(TASK STATEMENT): Leaving out the images, reproduce every line of the data that follows exactly.

(GIVEN DATA):
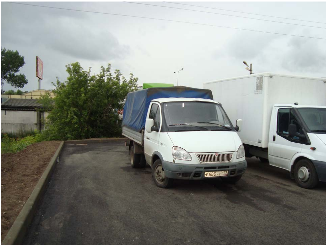
Участок :230. КПП №6. Выполняются работы по устройству магистрального отбойника
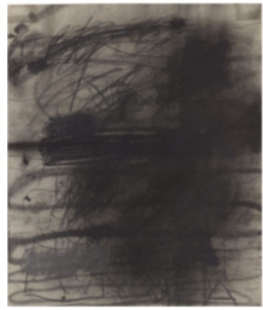
Untitled (works on paper), 2003
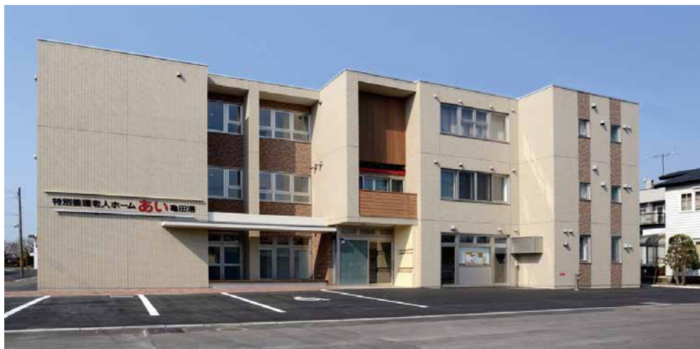
特別養護老人ホーム あい亀田港 (函館市亀田港町)

(EXERCISE SOLUTION):
Участок :230. КПП №6. Выполняются работы по устройству магистрального отбойника
Untitled (works on paper), 2003
特別養護老人ホーム あい亀田港 (函館市亀田港町)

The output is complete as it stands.